-- DATA SEGMENT follows --

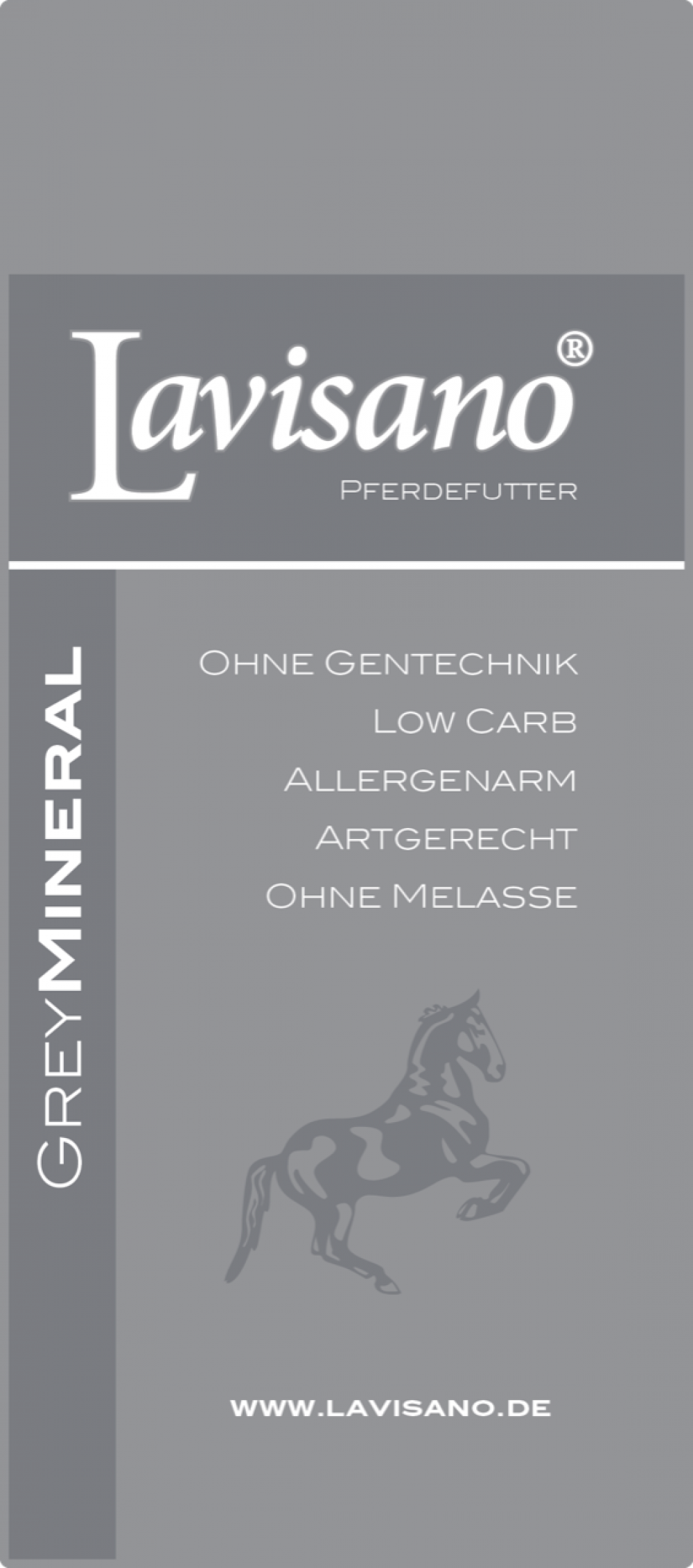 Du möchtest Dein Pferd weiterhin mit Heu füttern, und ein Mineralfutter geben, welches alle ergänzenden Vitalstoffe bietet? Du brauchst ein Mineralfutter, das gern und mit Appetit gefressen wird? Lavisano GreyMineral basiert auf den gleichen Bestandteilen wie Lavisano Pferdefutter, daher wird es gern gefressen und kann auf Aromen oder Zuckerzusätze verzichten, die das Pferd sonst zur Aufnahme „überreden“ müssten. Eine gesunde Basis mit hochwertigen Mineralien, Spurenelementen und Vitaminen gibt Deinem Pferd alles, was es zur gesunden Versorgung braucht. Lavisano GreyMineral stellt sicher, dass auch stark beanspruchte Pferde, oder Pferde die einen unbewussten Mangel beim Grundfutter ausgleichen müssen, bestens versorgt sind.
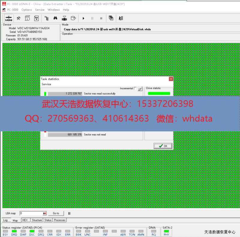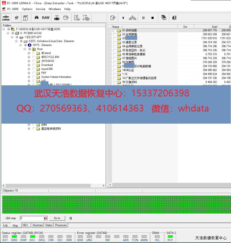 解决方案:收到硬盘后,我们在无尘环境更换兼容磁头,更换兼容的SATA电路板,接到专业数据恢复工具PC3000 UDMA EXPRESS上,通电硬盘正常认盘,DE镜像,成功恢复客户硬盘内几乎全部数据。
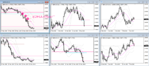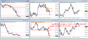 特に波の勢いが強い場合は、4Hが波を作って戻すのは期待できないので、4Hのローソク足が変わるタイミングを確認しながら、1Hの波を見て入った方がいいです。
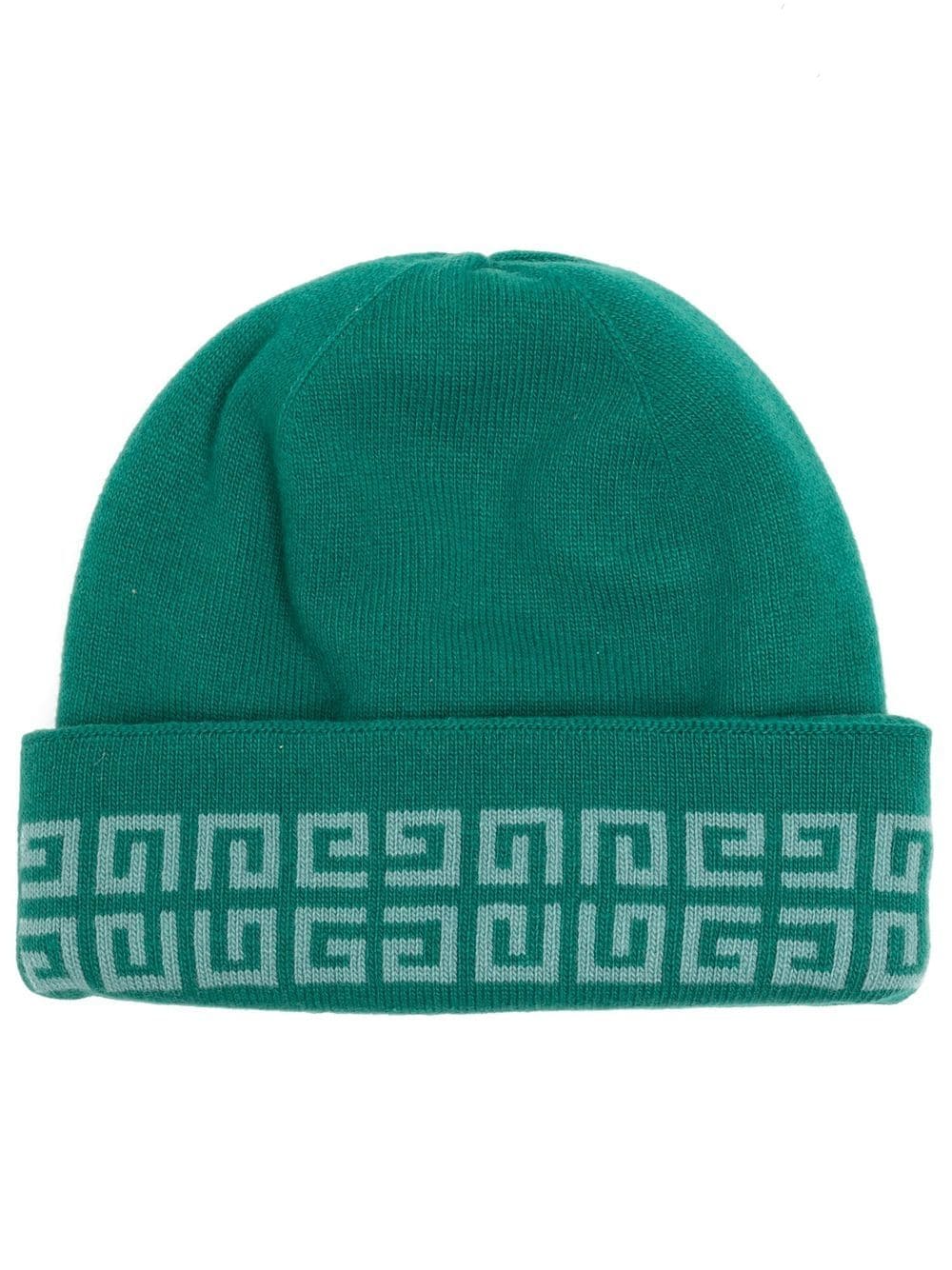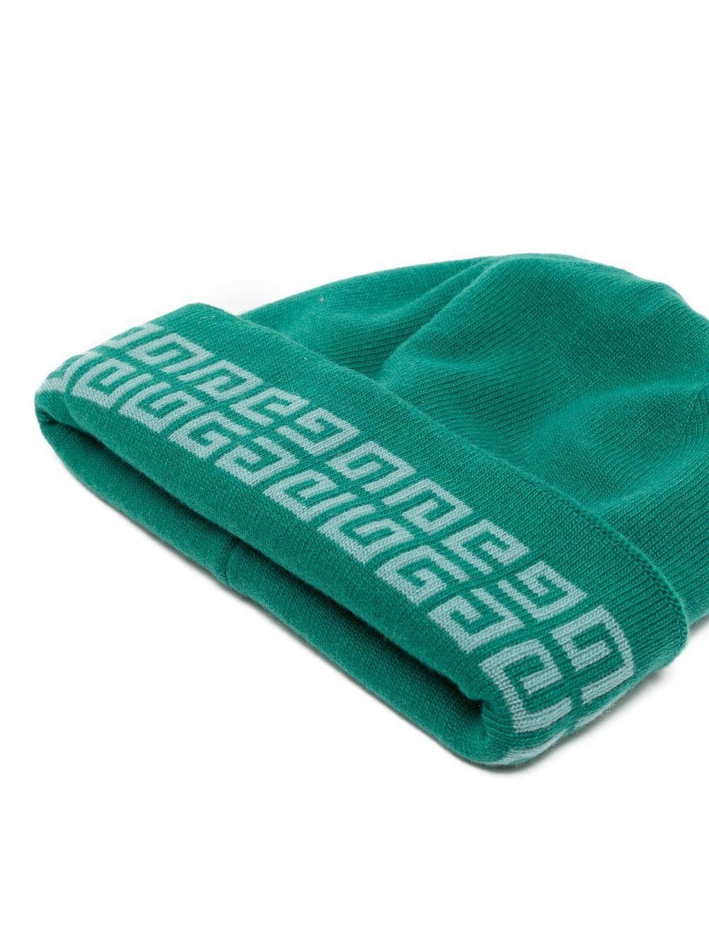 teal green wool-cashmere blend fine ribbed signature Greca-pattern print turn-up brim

-- DATA SEGMENT concluded --

YOUR INSTRUCTIONS
Please write out the material from the line containing "特に波の勢いが強い場合は、4" to its final line, both inclusive, exactly as it appears; pictures are not part of the copy.

WRITTEN REPLY
 特に波の勢いが強い場合は、4Hが波を作って戻すのは期待できないので、4Hのローソク足が変わるタイミングを確認しながら、1Hの波を見て入った方がいいです。
 teal green wool-cashmere blend fine ribbed signature Greca-pattern print turn-up brim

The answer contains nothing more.